Well, it was a lot of ice skating. And when we started, I was so bad. I basically grew up in the south of Sweden, and there’s no ice, so I never ice skate. There was a lot of ice skating, and then as soon as I started to get a little bit better with that, it was like, “Then you need to handle a gun on the ice.” And then they add a lot of equipment to you, and your balance totally changes. It was, I think, a couple of months of hardcore training to just get in shape and learn how they ice skate with all the equipment. It was a really physical role, and also it was really cold. I mean, it is really cold. We shot it around Stockholm and up in the north of Sweden. Equipment just freezes; it was real. I remember when I saw The Revenant with Leo and Tom Hardy, and I just felt the cold. I just felt like I was living in a mix of Children of Men and The Revenant. I was out on the ice, and I was like, “I just want to do like a beach movie. I don’t want to be here!” [laughs]
How much did you discuss with the director Adam Berg about Edh’s backstory? I know you said we’re not really sure where it takes place, but how much did you talk about Caroline’s life before this war and how much has changed for her?
Oh, we talked a lot. I always build really solid backstory. I kind of create memories in me. When did she see her husband last time, and how did he leave her? I came up with this story that it was not the war. They were not separated; he was cheating on her. He had a sidechick, and then on Christmas Eve, he just walked out and never came back. And she’s been lying to her daughter about why he never came back. The more you know about the character’s backstory, the more meat you have on the day if you improvise. That’s something I always do, even if the director wouldn’t require it. I tried to build a whole life that I have behind me.
Your character is now a woman, but you are also a woman in the midst of all these male soldiers. What is that dynamic like for you, and how did you build that camaraderie?
I feel like that’s been the story of my life. It’s always me and a bunch of dudes. I remember when I was sitting at a press conference for Sherlock Holmes with Jude Law, Robert Downey Jr. and Guy Ritchie. I was sitting there with all these men, and a journalist asked me, “You work a lot and you have a son? How do you make that work?” And I was like, “Well, Jude, how many kids do you have? And Rob, you have a couple of kids. And Guy, you have a couple of kids too. Why do you ask me?” It just feel like it’s always one woman and a lot of men. But I grew up doing martial arts and always training with boys. It’s quite straightforward; it’s really down to the power work straightaway. It was a very tight group; I loved my co stars. It was fun. It was hard, with long days, and it was cold.

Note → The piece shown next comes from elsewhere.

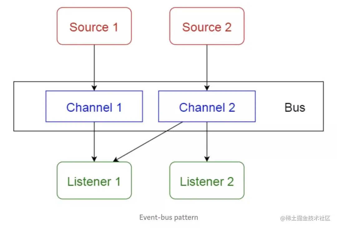 该模式主要处理组件,有4个重要的组件:事件源、事件侦听器、通道和事件总线。事件源将消息发送到事件总线上的特定通道,侦听器会订阅特定的频道。当消息发送到频道中后,订阅该频道的侦听器会收到该消息的通知。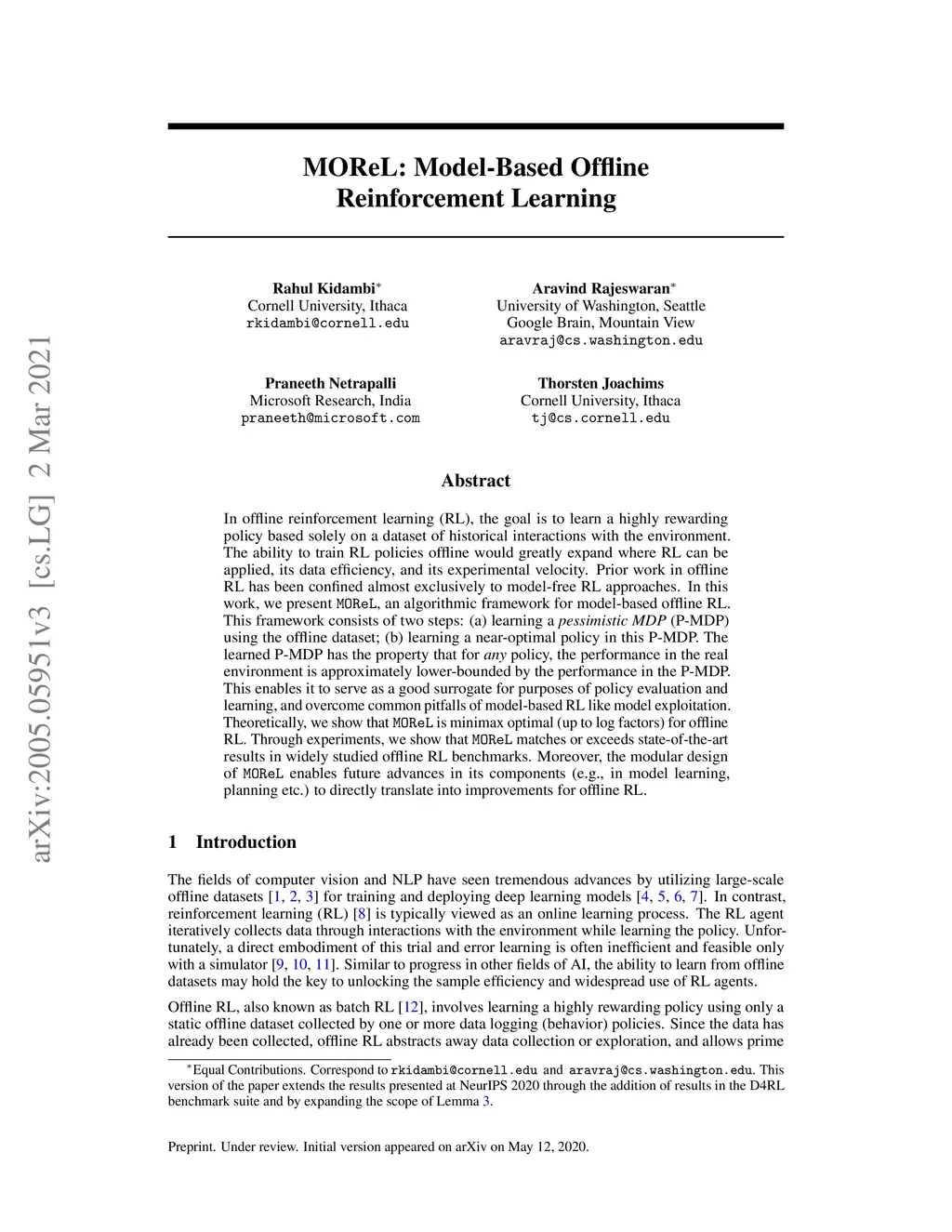 MOReL : Model-Based Offline Reinforcement Learning

I had an accident; I broke my nose on the second week of filming. I got the camera in my face and had a double fracture and concussion. It was really intense, and we had to pause production. Then I had to use all that fragility and coming back from an injury and how that made me feel – [I was] overcoming my own fears, and then I felt like I had to use it all and put it into the character. This journey became even deeper and even more important, because I had to overcome all these things and really cannibalize them to focus all the desperation and the anger and the rage into the character. The movie really lived in me, in so many ways.